For each possible $1 \times 4$ rectangle $r$, let binary decision variable $x_r$ indicate whether that rectangle is used. For each cell $(i,j)$, let binary decision variable $y_{ij}$ indicate whether that cell is uncovered. Let $R_{ij}$ be the set of rectangles that cover cell $(i,j)$. The problem is to minimize $$\sum_{i=1}^{10} \sum_{j=1}^{10} y_{ij}$$ subject to linear constraints \begin{align} \sum_{r \in R_{ij}} x_r + y_{ij} &= 1 &&\text{for $(i,j)\in [10]\times[10]$} \end{align} The minimum turns out to be $4$, meaning that $4$ cells are uncovered. The resulting optimal dual variables are:

In this coloring, every $1 \times 4$ rectangle has sum $0$, but the entire grid has sum $4$ and so cannot be partitioned. Or just forget the numbers and note that each rectangle contains exactly one blue square; we need $25$ rectangles, but there are only $24$ blue squares.

An alternative optimal dual solution is:

As in the previous coloring, for this coloring (which is the same as the one in the answer by @Albert.Lang), every $1 \times 4$ rectangle has sum $0$, but the entire grid has sum $4$ and so cannot be partitioned. Or just forget the numbers and note that each rectangle contains exactly two blue squares; we need $25$ rectangles ($50$ blue squares), but there are only $48$ blue squares.

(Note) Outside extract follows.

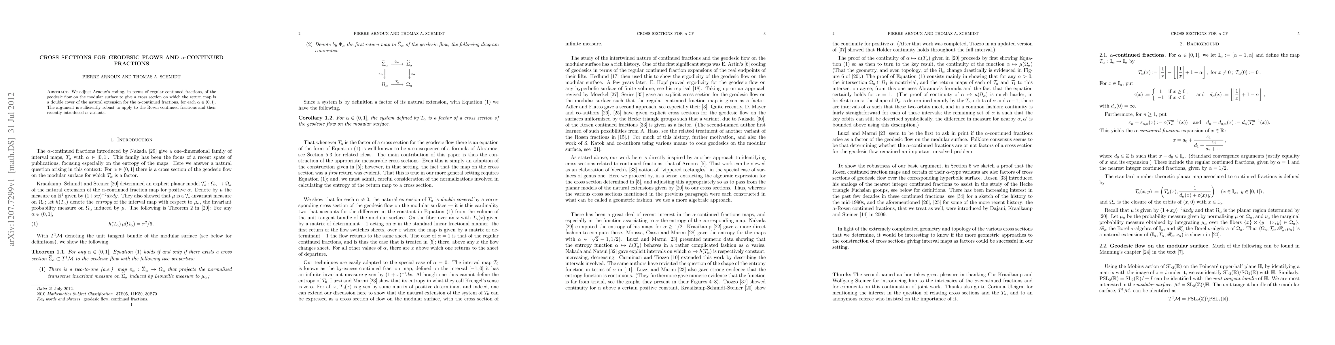 We adjust Arnoux's coding, in terms of regular continued fractions, of the geodesic flow on the modular surface to give a cross section on which the return map is a double cover of the natural extension for the \alpha-continued fractions, for each $\alpha$ in (0,1]. The argument is sufficiently robust to apply to the Rosen continued fractions and their recently introduced \alpha-variants.

Pranay answers the question, but upon further review you don't need an exact count of each color square. You need only to distinguish even from odd, making this a "parity check" puzzle.

Using Pranay's pattern

 R G B Y R G B Y R G
 Y R G B Y …
 B Y R G B …
 …

we note that

the diagonal rows of R squares each contain an even number (the longest such row is ten and others come in decrements of four), but to cover the grid we would need an odd number (25) of tiles each covering one R square.

The following well-known solution is so simple that it even does not need a coloring. :-)

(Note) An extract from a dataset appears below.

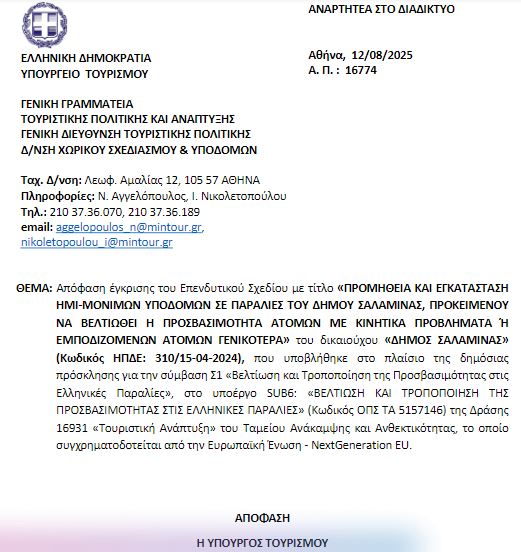 Το Υπουργείο Τουρισμού προχωρά σε μια καθοριστική πρωτοβουλία για την ενίσχυση της προσβασιμότητας στις παραλίες της Σαλαμίνας, εγκρίνοντας το επενδυτικό σχέδιο του Δήμου Σαλαμίνας για την προμήθεια και εγκατάσταση ημι-μόνιμων υποδομών. Η απόφαση αυτή εντάσσεται στο πλαίσιο της δράσης «Προσβάσιμες Παραλίες» της εθνικής στρατηγικής τουριστικής ανάπτυξης, χρηματοδοτούμενη από το Ταμείο Ανάκαμψης και Ανθεκτικότητας μέσω του NextGeneration EU, με στόχο τη δημιουργία χώρων που είναι προσβάσιμοι για όλους, ανεξαρτήτως ηλικίας ή κινητικών δυνατοτήτων.

Let $A$ be the square $[0,10]\times [0,10]$. Suppose for a contradiction that $A$ can be paved with $1\times 4$ rectangular plates $A_1,\dots, A_n$. Put $f(x,y)=\sin \frac\pi{2} x\cdot\sin \frac\pi{2} y$ for each $x,y\in A$.

Then $$\int\int_A f(x,y)\, dx\, dy=\int_0^{10}\sin \frac\pi{2} x\, dx\cdot \int_0^{10} \sin \frac\pi{2} y\, dy =$$ $$\left(\frac {(-2)}{\pi}\cdot \cos\frac\pi{2} t{\Big|}_0^{10}\right)^2=\left(\frac {(-2)}{\pi}(\cos 5\pi-\cos 0)\right)^2=\left(\frac 4{\pi}\right)^2\ne 0.$$

On the other hand, we can similarly show that for each natural $i\le n$ we have $$\int\int_{A_i} f(x,y)\, dx\, dy=0.$$

But then $$0\ne \int\int_A f(x,y)\, dx\, dy = \int\int_{\bigcup_{i=1}^n A_i} f(x,y)\, dx\, dy=$$ $$\sum_{i=1}^n \int\int_{A_i} f(x,y)\, dx\, dy = \sum_{i=1}^n 0=0,$$ a contradiction.

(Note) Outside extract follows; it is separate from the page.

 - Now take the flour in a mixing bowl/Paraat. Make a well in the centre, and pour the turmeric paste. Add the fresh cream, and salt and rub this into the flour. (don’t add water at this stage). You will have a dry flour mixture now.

Simpler coloring, but slightly more complicated reasoning:

Color as follows:

 R G B Y R G B Y R G
 R G B Y R G B Y R G
 R G B Y R G B Y R G
 …

Reasoning:

There are 30 each of Red and Green, and 20 each of Blue and Yellow. Now we reduce to a single player game of Nim, where legal moves are to reduce each color by 1, or reduce one color by 4. The goal is to reduce all colors to 0.

The only way to change the count of one color modulo 4 is to change all of them at once by the same amount. 20 is divisible by 4, whereas 30 is not. Therefore, the tiling is impossible.

Here's a meta-reasoning approach that uses the postscript to find extremely intuitive solution. It's noted that the original source provides a solution which is

not intuitive. But if the tiling could be accomplished, the answer would simply be a picture of it. Knowing that the solution of the problem is "non-intuitive" means that we cannot simply draw a picture of it, so therefore the solution is not a configuration where the tiling is complete, but rather a proof that it can't be done.